Toxic tanker crash taints river
As many as two dozen people became ill after a tanker carrying toxic chemicals overturned and went into a river in Qingwan, a town in South China's Guangxi Zhuang Autonomous Region, on Wednesday.
Some of the victims apparently breathed poisonous gases in the wake of the accident, and were taken to a hospital for treatment.
No deaths were reported.
Nearly 1,000 villagers in the town, which lies in the Guangdong-Guangxi border area, were immediately evacuated to safety.
Qingwan, in Guangxi's Yulin Prefecture, is located in less than a kilometre from Huazhou, a city in western Guangdong Province.
The truck carried more than 40 tons of benzene before it overturned on a highway at a turn and plunged into the meandering Lingjiang River.
More than 10 tons of the toxin were believed to have escaped into the Lingjiang, a major source of drinking water for area residents.
Water supplies in major towns and villages for 20,000 people in the Guangdong and Guangxi areas have been suspended for about two days due to the serious contamination, a Maoming Municipal Bureau of Environmental Protection official told China Daily yesterday.
"No one can tell when the water supplies will be resumed," the official who asked not to be named said.
"We need to conduct more tests to ensure the water quality meets the State's drinking standard," the spokesman said.

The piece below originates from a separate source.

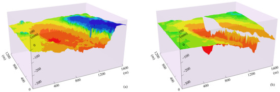 For the convenience of comparison, suppose there is a horizontal working face with an east–west main section, whose length and width are 1000m and 300 m, respectively. According to the maximum settlement of 2 m, the 160 m main influence radius, the 0.3 horizontal movement coefficient, and the 20 m inflection point offset, a subsidence basin is generated as the actual subsidence basin, and is then used to simulate the LOS subsidence basin of the InSAR technology. The basic parameters of the SAR data are as follows: ascending orbit, LOS azimuth is 83.9°, and the radar incidence angle is 40°. Figure 21 shows the subsidence basin obtained by the PIM and the simulated LOS subsidence basin. It can be seen from Figure 21b that on the side of the goaf of the open-off cut, the subsidence of some areas in the LOS subsidence basin is greater than that in the center of the basin. This is because the deformation in the LOS direction is equal to the sum of the projections of the subsidence and horizontal movement in the LOS direction. When both projections have the same direction with LOS, it may occur that the deformation value in the LOS direction is greater than the deformation of the basin center. If both projections are in the opposite direction and the projection value of the horizontal movement is greater, then the surface is uplifted.

While waiting for reports from further tests of sample of the contaminated water in the river, environmental protection departments are now paying close attention to any further findings of the water quality of river, the official said.
Authorities are urging residents not to drink the water nor eat its aquatic life in the immediate future.
The tank and truck engine were seriously damaged in the wake of the accident, causing a heavy traffic jam in Guangdong-Guangxi border area in South China.
The truck and the oil tanker were separated after the accident, with a major traffic tie-up ensuing. The driver of the truck survived.
Local investigators immediately arrived in the site for the recovery work.
Police blockaded the site for further investigation and prevented local people from getting near the toxic chemicals.
All site personnel wore specialized gear to protect them from the chemical products, which were estimated to have covered an area of more than five square kilometres.
The cause of the accident was likely excessive driving speed and a slippery road surface after successive days of rainfall.